He will try to get out of their way and also remove constraints from an “ossified” bureaucracy. They, in turn, will have to deliver sharply improving academic achievement.

“I’m committed to finding ways to provide the support necessary to free you from the restraints that impede you from this work,” said Deasy, noting that his expectations could make their jobs uncomfortable at times.

As he has on other occasions, Deasy read from Martin Luther King Jr.'s explanation of his impatience to end segregation at lunch counters and elsewhere, out of which Deasy stated his own imperative for results.

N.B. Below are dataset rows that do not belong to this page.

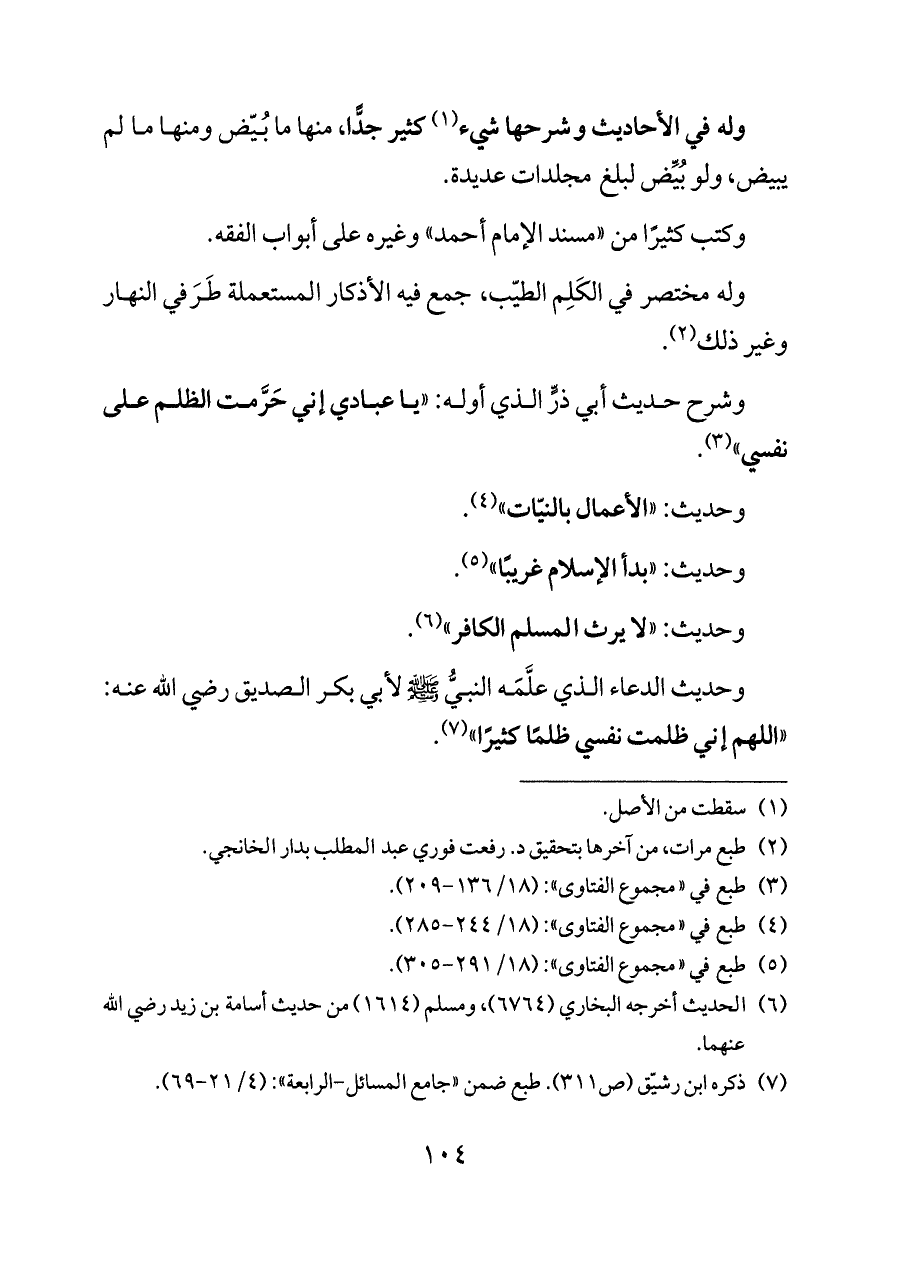 وشرح حديث أبي ذرٍّ الذي أوله: «يا عبادي إني حَرَّمت الظلم على نفسي» (¬٣).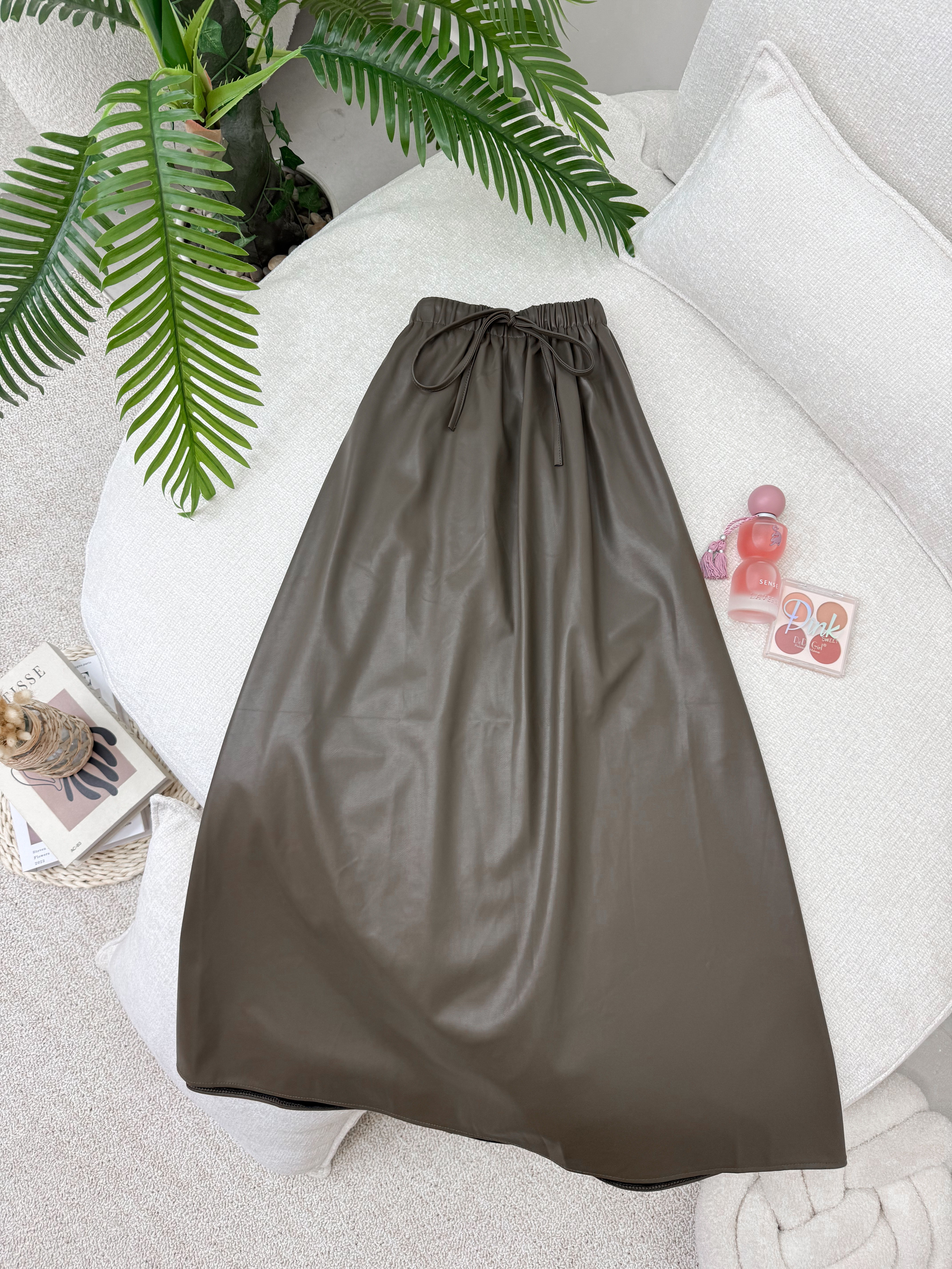 تنورة جلد سادة 2533 بني فاتح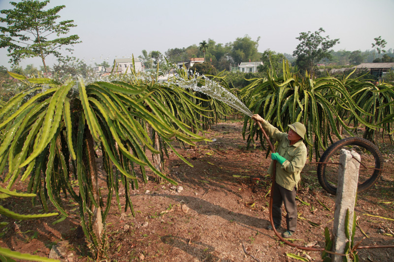 | Cựu chiến binh Nguyễn Xuân Khôi chăm sóc vườn cây thanh long. |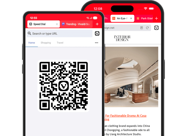 Navigazione mobile senza impedimenti alle tue condizioni. Vivaldi su dispositivi mobili è ricco di funzioni utili tra cui il blocco annunci e protezione traccianti integrati. Puoi sincronizzare perfettamente schede aperte, accessi salvati e note col compagno Vivaldi su desktop.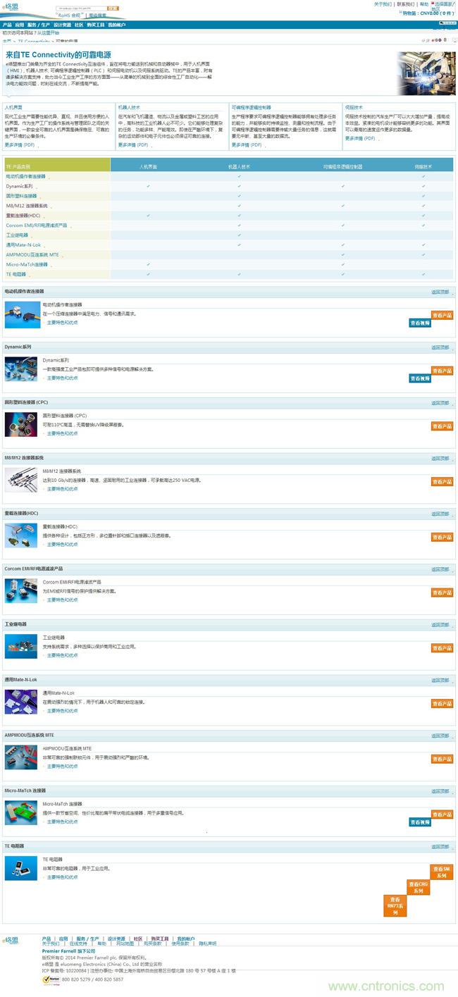 e絡(luò)盟子站還為客戶提供一款產(chǎn)品導(dǎo)航器,使他們能夠根據(jù)各自的獨特設(shè)計需求和應(yīng)用難點快速購得所需的特定系列TE產(chǎn)品,如Dynamic系列、M8/M12連接器系統(tǒng)、重載連接器、工業(yè)繼電器及AMPMODU MTE連接器等。
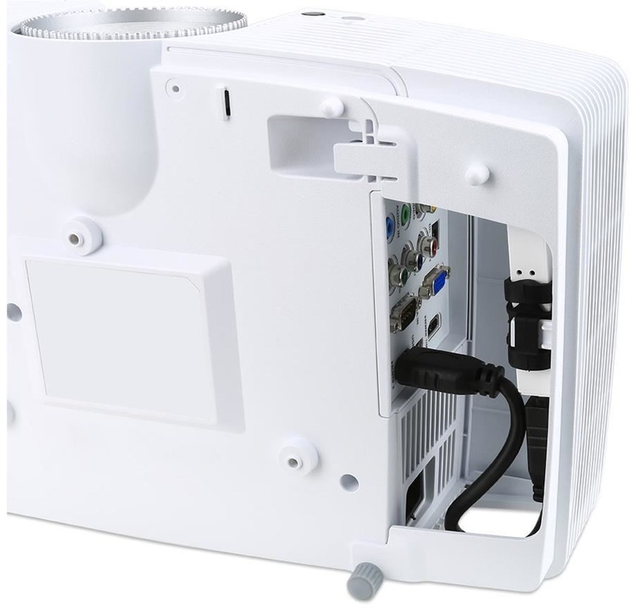El diseño de la lente central permite que el proyector V7500 se pueda instalar tanto en el centro del espacio como en el techo, mientras que el zoom de 1.36x elimina la necesidad de que el usuario tenga que mover el sistema una vez que lo ha instalado en la zona elegida, que queda limpia de cableado gracias a su cubierta de cables extraíble.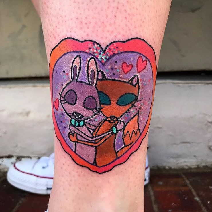 Kitty and Bunny (Courage the Cowardly Dog) love heart tattoo by @alexiscraneart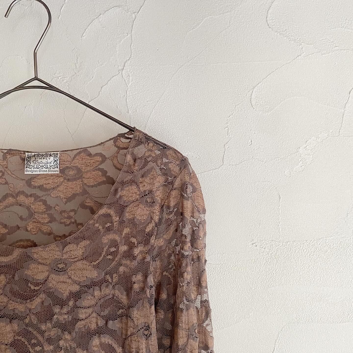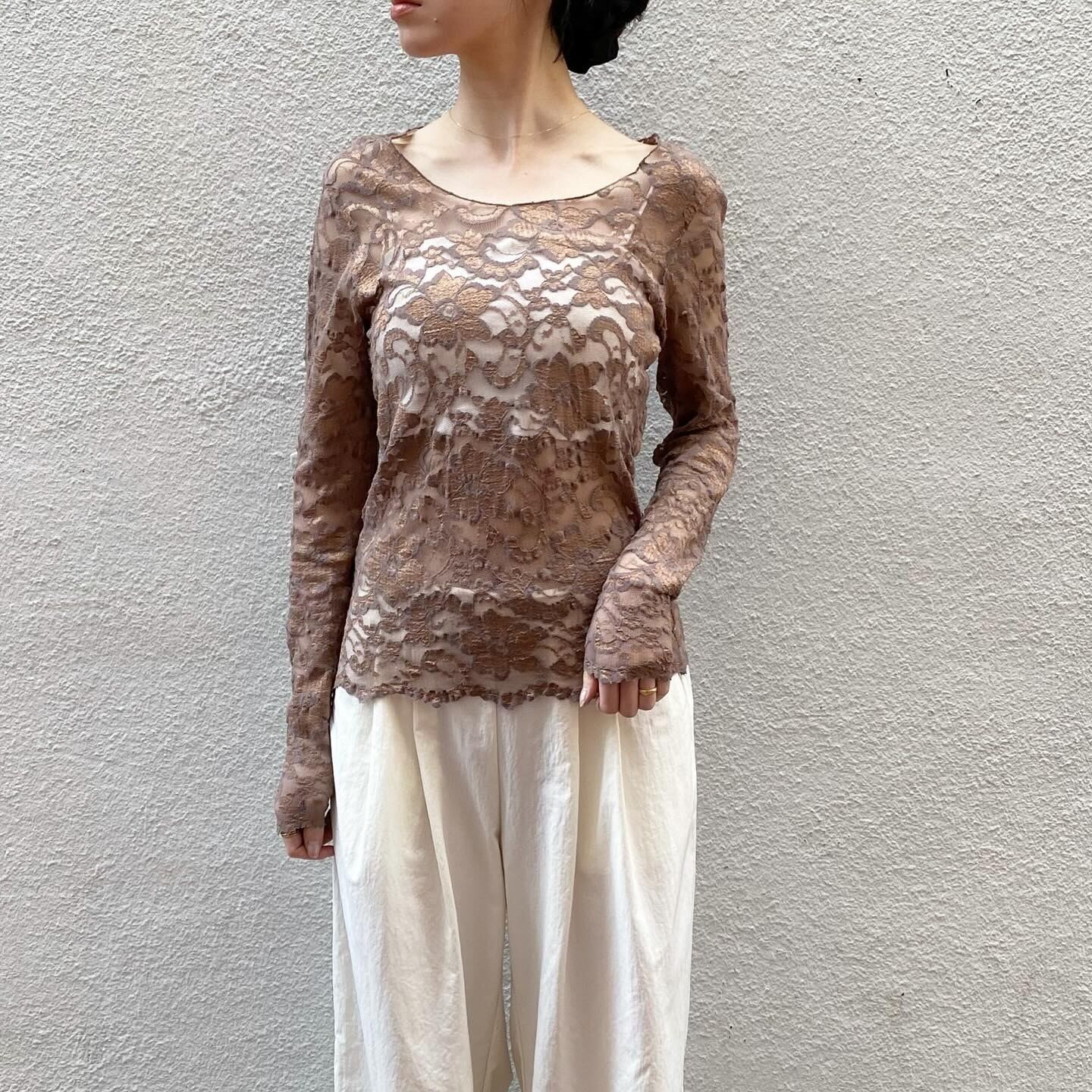 肌馴染みの良い淡いブラウンベージュカラーと透け感のある繊細レースが素敵なトップスです。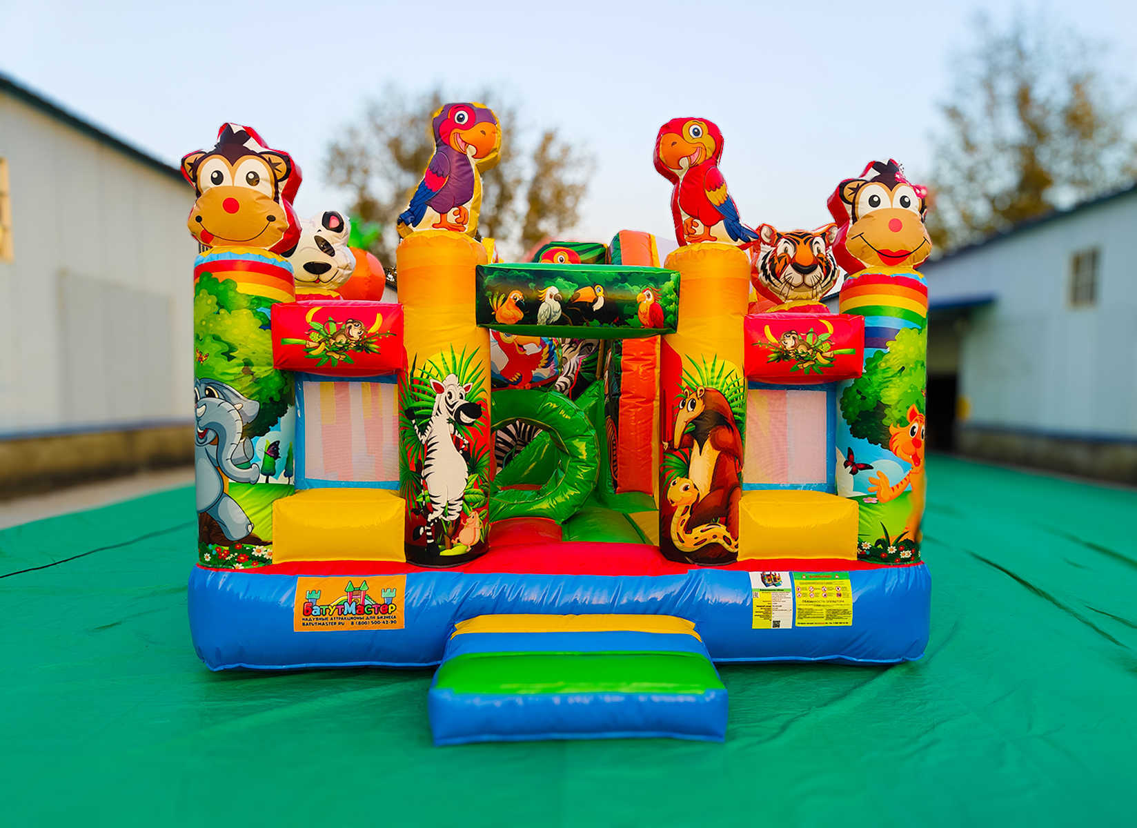 Высокие бортики, защитные сетки и мягкие игровые элементы обеспечивают максимальную безопасность во время прыжков, скатывания с горки и бега. Аттракцион устойчив даже при активной эксплуатации — как на солнце, так и при переменчивой погоде (допустимая температура эксплуатации от -15 до +65 °C.

“We are indeed impatient,” Deasy said. “The lunch counter for LAUSD youth is graduation and proficiency and attendance.”

The annual, start-of-the-year speech to administrators has become a much-watched ritual in the Los Angeles Unified School District, a temperature check of sorts on the district’s top manager, his program and how the rank-and-file are receiving it. Deasy assumed the top spot in mid-April, with the retirement of Ramon C. Cortines. Like his predecessors, Deasy took pleasure in reciting the achievements of particular schools at some length.

But as superintendent Deasy has had to take responsibility for “restructuring” several low-performing middle and high schools. In that process, all staff must reinterview for jobs; administrators are typically replaced along with most teachers. Deasy has clearly signaled he’s prepared to take this step as often as he feels necessary.

Administrators packed into the historic Hollywood High School auditorium were well aware of the school-site shake-ups and some expressed, anonymously, some wariness toward Deasy.